Task
Report the count, and only the count, of lines in the records that include the word "they".

Provided material

++++++

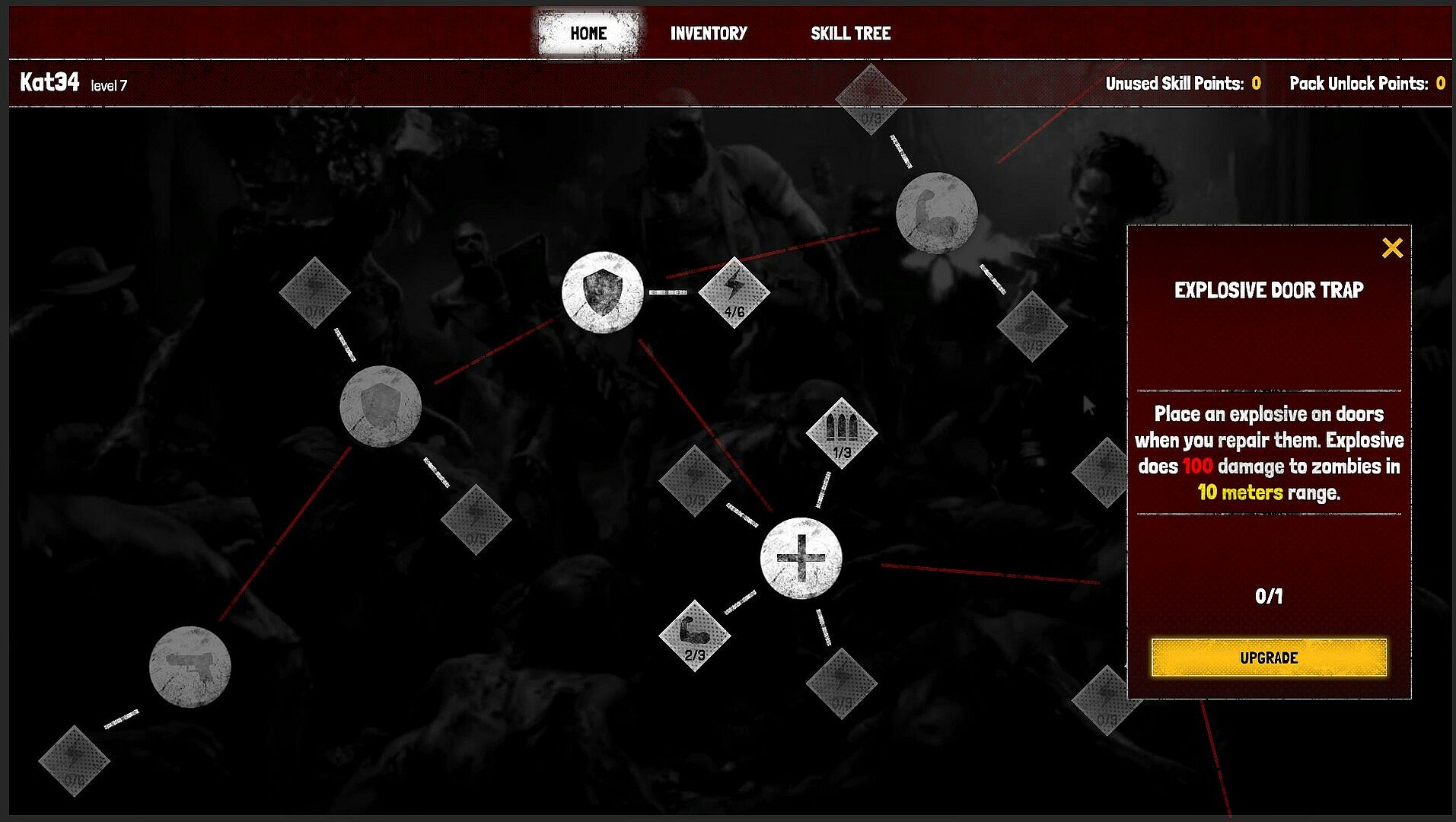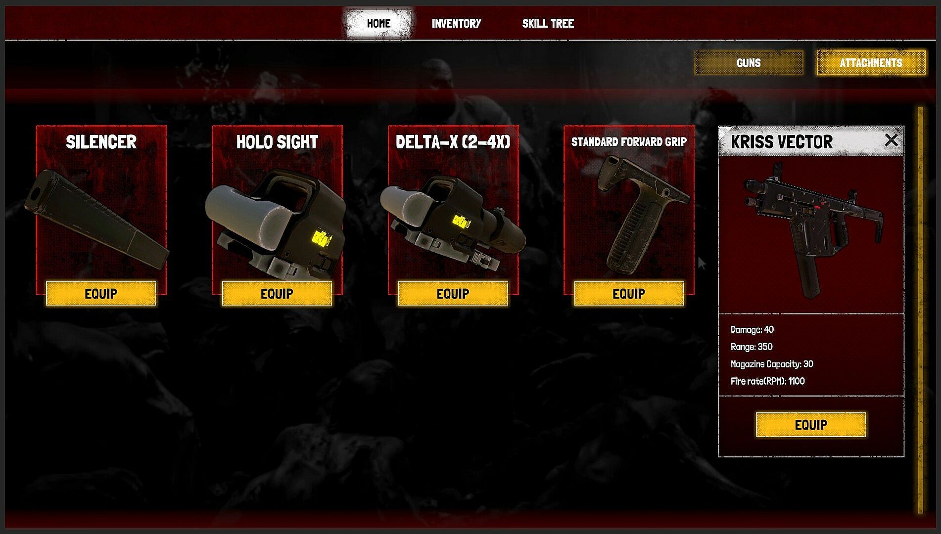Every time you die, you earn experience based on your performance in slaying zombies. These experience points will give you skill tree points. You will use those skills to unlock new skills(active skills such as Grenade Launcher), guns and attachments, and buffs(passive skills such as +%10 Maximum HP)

++++++

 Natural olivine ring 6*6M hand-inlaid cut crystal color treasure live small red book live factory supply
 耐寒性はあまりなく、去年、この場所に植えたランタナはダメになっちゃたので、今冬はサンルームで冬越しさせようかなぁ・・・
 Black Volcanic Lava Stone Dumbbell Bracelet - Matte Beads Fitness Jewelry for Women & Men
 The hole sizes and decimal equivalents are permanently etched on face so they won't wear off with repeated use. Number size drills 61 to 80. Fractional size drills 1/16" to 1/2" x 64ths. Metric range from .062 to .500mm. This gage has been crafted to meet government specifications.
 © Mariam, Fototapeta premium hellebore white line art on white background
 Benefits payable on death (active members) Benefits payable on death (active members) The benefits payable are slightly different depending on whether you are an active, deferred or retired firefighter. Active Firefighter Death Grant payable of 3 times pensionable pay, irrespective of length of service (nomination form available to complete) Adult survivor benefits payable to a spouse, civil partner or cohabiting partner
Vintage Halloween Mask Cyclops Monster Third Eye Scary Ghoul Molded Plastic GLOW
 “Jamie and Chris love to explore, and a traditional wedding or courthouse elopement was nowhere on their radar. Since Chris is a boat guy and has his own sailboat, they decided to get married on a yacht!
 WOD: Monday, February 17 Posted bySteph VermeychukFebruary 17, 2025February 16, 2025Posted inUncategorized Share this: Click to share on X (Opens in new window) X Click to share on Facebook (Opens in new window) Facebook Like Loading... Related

++++++

Answer to this task
2